__What is being asked__: Emit a verbatim copy of the lines below from the line with "Stylish metal contours" through the line with "Head of Demeter", excluding pictures and everything outside that range.

** Opening Raw data block **

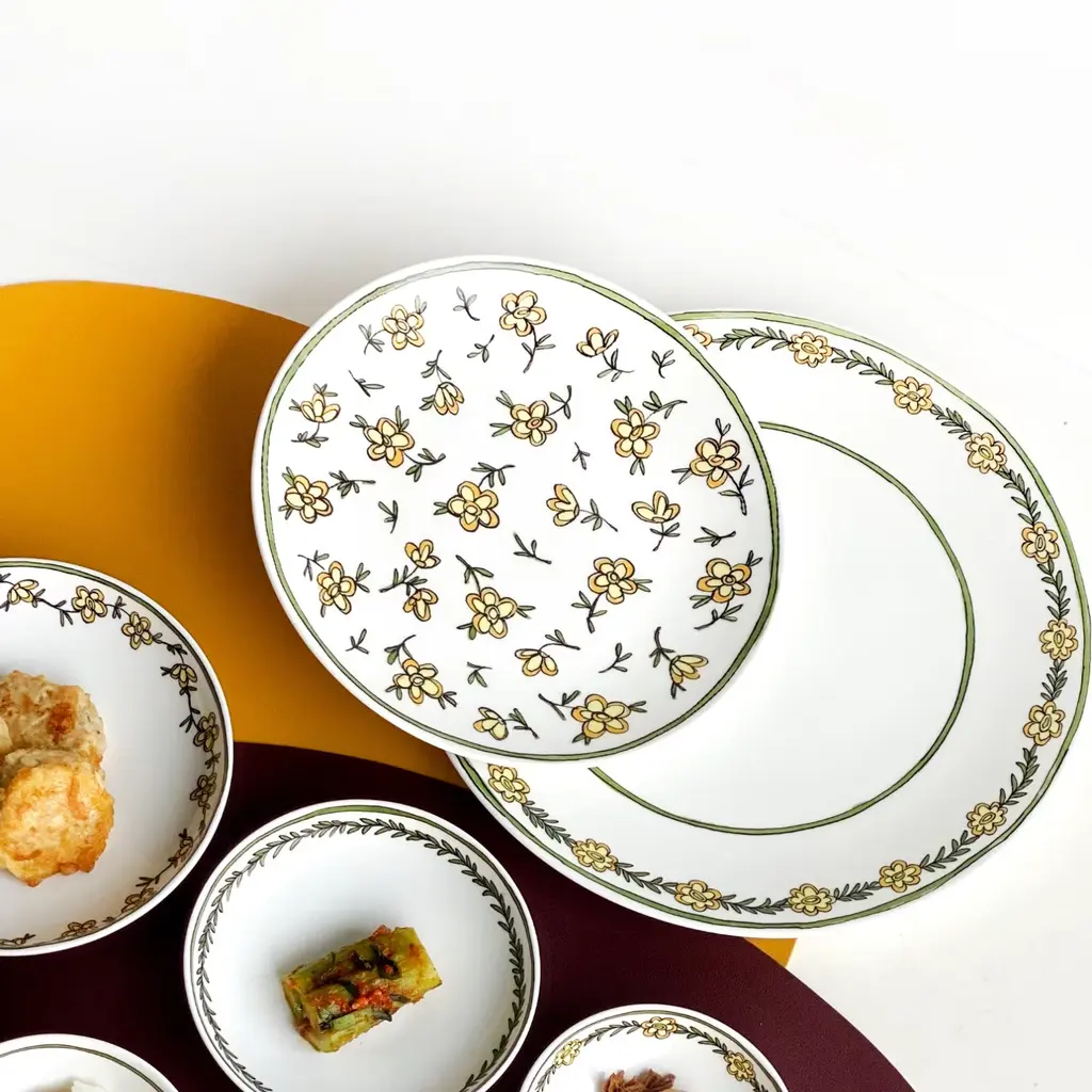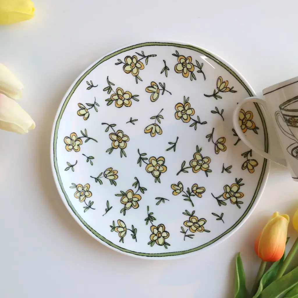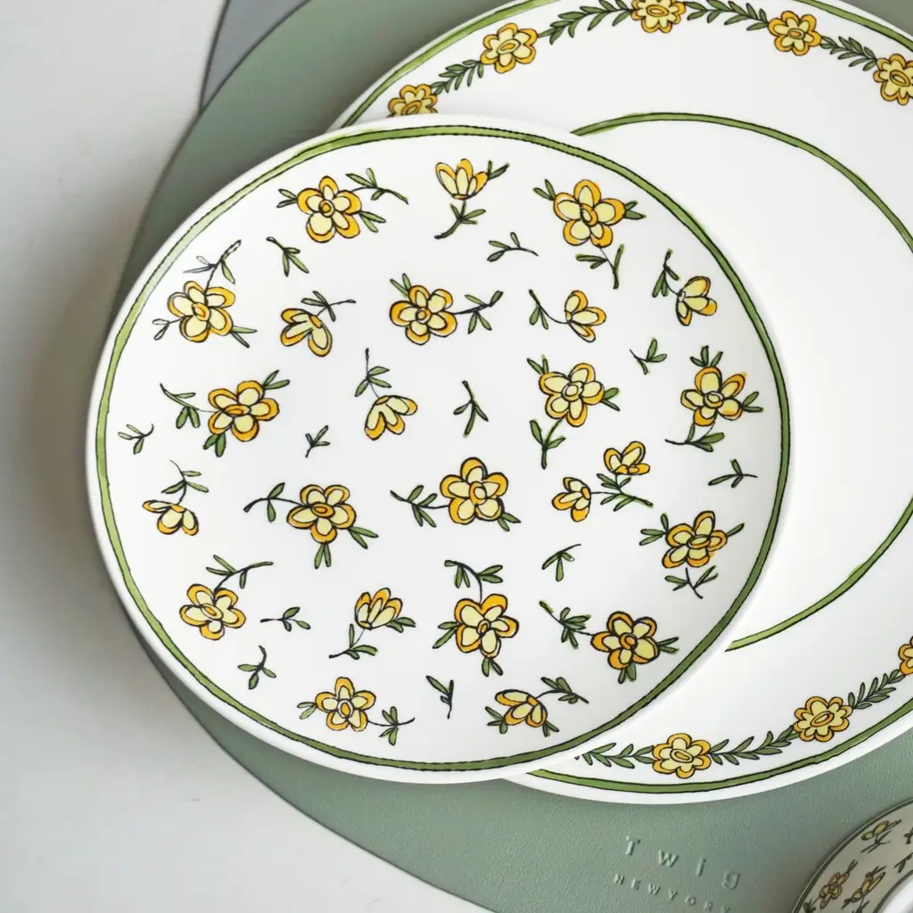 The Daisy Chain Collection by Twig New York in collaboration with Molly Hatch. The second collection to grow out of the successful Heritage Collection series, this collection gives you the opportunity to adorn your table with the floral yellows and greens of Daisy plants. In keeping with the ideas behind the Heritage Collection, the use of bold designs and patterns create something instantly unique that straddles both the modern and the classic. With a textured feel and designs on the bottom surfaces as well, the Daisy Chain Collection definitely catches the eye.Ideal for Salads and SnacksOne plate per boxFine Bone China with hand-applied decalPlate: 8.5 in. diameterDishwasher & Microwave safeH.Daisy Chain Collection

** Closing Raw data block **
** Opening Raw data block **

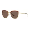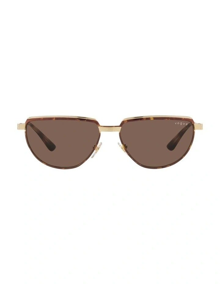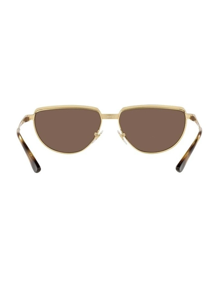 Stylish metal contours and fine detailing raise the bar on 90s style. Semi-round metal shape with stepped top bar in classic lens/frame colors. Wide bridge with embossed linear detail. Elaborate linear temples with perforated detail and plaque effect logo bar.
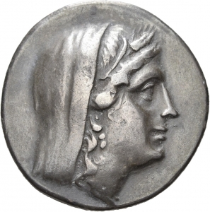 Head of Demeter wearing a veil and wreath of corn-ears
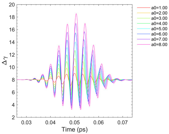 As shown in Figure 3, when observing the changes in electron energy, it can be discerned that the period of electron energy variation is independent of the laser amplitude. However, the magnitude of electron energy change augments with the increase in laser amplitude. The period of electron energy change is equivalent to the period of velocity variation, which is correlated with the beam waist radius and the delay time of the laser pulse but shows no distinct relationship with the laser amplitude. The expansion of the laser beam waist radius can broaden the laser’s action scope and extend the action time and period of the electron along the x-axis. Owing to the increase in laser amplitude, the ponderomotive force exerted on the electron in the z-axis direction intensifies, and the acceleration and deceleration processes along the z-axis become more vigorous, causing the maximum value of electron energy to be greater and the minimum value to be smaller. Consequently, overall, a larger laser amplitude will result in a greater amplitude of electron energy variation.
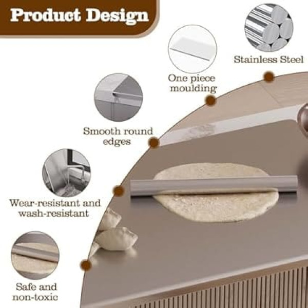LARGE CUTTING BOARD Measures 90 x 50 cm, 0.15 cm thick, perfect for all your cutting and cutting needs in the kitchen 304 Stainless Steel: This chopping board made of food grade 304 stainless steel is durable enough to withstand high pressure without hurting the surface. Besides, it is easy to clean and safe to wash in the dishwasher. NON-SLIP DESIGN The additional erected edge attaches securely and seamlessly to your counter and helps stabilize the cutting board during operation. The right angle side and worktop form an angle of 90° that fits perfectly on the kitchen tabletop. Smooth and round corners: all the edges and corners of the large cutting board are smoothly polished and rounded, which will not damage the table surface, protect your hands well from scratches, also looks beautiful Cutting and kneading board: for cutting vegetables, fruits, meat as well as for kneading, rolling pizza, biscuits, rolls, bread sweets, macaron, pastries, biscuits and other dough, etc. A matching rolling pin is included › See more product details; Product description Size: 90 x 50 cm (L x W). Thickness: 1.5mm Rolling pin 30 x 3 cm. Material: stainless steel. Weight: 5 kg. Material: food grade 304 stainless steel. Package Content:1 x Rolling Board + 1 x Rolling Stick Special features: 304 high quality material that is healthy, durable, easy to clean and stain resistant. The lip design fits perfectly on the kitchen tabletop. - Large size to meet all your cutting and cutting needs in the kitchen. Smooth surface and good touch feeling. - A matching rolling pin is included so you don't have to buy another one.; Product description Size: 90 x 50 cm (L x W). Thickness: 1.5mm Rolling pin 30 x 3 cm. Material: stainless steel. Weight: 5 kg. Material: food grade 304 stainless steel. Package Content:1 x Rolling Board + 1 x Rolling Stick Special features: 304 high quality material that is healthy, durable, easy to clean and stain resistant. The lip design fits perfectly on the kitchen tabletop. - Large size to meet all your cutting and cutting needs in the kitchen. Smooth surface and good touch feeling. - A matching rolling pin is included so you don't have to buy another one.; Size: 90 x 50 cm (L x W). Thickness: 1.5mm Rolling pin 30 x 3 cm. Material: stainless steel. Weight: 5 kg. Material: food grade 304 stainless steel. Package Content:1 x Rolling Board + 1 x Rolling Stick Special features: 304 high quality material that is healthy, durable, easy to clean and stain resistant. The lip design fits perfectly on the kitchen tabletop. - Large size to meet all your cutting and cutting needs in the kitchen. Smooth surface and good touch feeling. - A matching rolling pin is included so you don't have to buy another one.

** Closing Raw data block **
** Opening Raw data block **

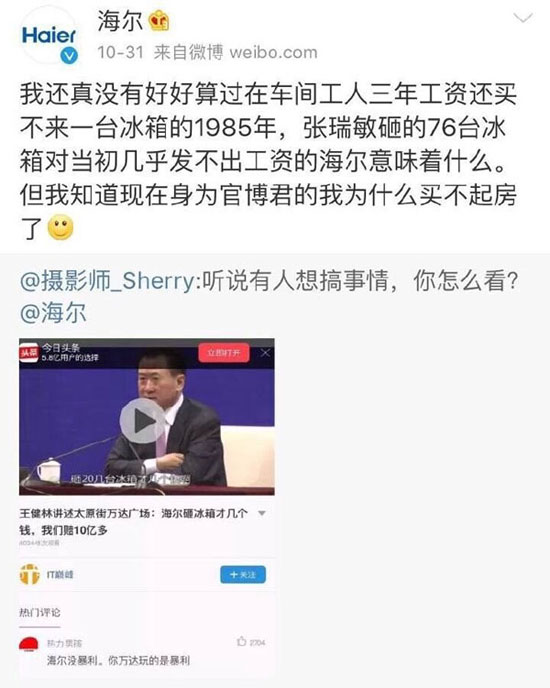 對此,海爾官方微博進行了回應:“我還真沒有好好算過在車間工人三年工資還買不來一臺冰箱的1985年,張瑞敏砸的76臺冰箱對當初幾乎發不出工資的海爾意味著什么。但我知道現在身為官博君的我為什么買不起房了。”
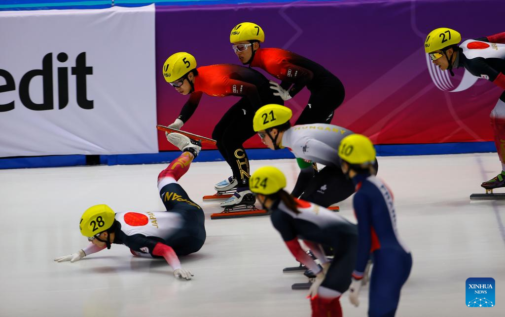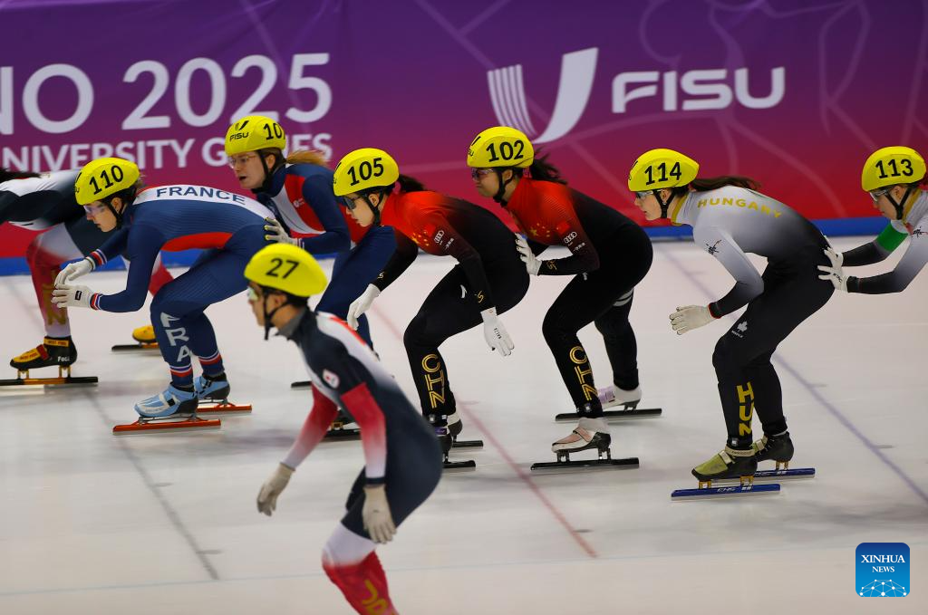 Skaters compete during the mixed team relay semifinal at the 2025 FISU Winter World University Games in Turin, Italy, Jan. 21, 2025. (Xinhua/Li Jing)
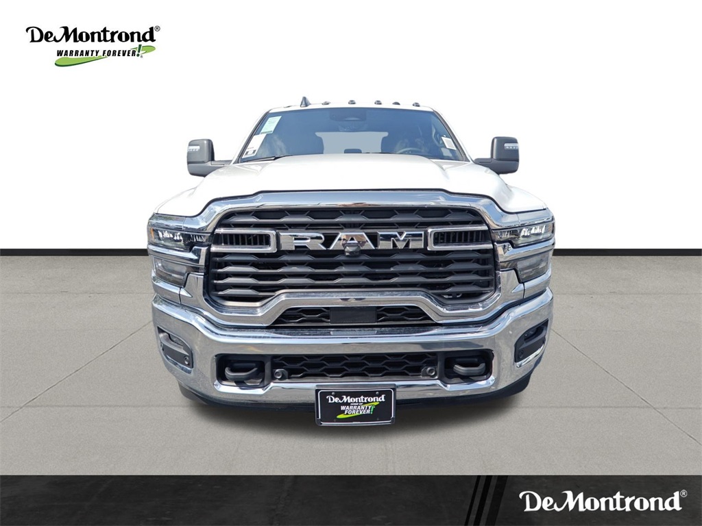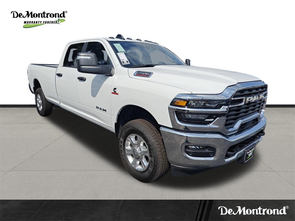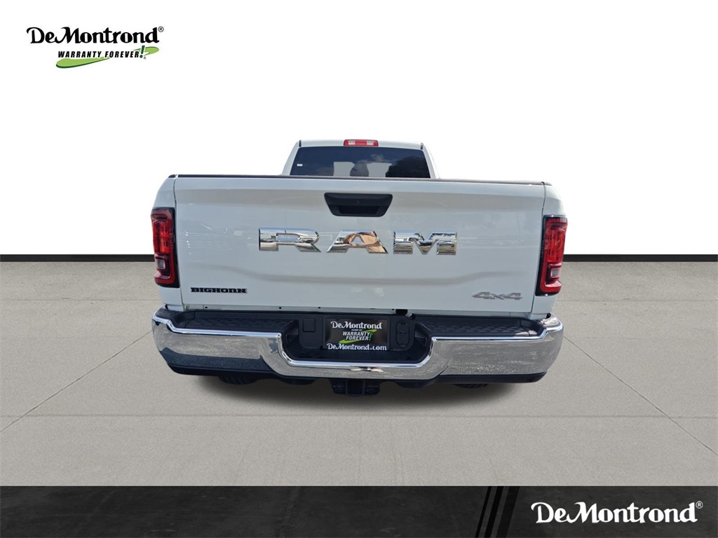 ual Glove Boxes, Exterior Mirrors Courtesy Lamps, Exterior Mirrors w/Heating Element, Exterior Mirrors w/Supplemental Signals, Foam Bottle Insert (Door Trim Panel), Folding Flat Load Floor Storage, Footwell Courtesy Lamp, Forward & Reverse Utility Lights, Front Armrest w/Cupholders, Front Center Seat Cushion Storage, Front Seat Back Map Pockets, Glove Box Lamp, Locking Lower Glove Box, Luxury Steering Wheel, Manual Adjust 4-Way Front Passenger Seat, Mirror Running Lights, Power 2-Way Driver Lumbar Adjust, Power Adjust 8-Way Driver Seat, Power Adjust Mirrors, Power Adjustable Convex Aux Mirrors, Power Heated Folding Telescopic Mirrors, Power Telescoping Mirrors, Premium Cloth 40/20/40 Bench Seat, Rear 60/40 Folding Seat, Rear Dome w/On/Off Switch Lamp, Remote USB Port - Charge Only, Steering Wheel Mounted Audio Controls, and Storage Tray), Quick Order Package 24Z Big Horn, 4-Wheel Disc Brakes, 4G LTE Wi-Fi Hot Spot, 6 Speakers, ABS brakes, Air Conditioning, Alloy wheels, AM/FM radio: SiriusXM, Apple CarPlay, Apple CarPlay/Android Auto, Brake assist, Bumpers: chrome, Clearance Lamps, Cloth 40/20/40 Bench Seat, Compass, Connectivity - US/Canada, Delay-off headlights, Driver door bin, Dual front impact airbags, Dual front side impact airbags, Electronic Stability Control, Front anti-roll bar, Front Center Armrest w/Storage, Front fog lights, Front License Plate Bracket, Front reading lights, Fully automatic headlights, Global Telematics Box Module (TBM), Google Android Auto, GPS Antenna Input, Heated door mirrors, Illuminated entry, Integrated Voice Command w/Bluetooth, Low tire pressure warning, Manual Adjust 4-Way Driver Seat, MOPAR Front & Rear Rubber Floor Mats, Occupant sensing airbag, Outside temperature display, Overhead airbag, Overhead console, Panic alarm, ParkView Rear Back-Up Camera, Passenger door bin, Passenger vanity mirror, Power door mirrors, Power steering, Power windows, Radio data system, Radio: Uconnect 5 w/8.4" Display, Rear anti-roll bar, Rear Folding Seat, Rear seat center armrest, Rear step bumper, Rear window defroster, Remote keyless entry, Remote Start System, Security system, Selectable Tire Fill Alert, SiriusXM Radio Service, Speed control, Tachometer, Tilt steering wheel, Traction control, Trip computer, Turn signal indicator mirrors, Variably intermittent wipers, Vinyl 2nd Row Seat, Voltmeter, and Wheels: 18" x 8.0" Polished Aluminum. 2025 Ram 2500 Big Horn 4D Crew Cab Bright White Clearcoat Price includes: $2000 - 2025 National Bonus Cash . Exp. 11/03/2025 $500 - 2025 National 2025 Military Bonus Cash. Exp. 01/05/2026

** Closing Raw data block **

__Worked solution__:
 Stylish metal contours and fine detailing raise the bar on 90s style. Semi-round metal shape with stepped top bar in classic lens/frame colors. Wide bridge with embossed linear detail. Elaborate linear temples with perforated detail and plaque effect logo bar.
 Head of Demeter wearing a veil and wreath of corn-ears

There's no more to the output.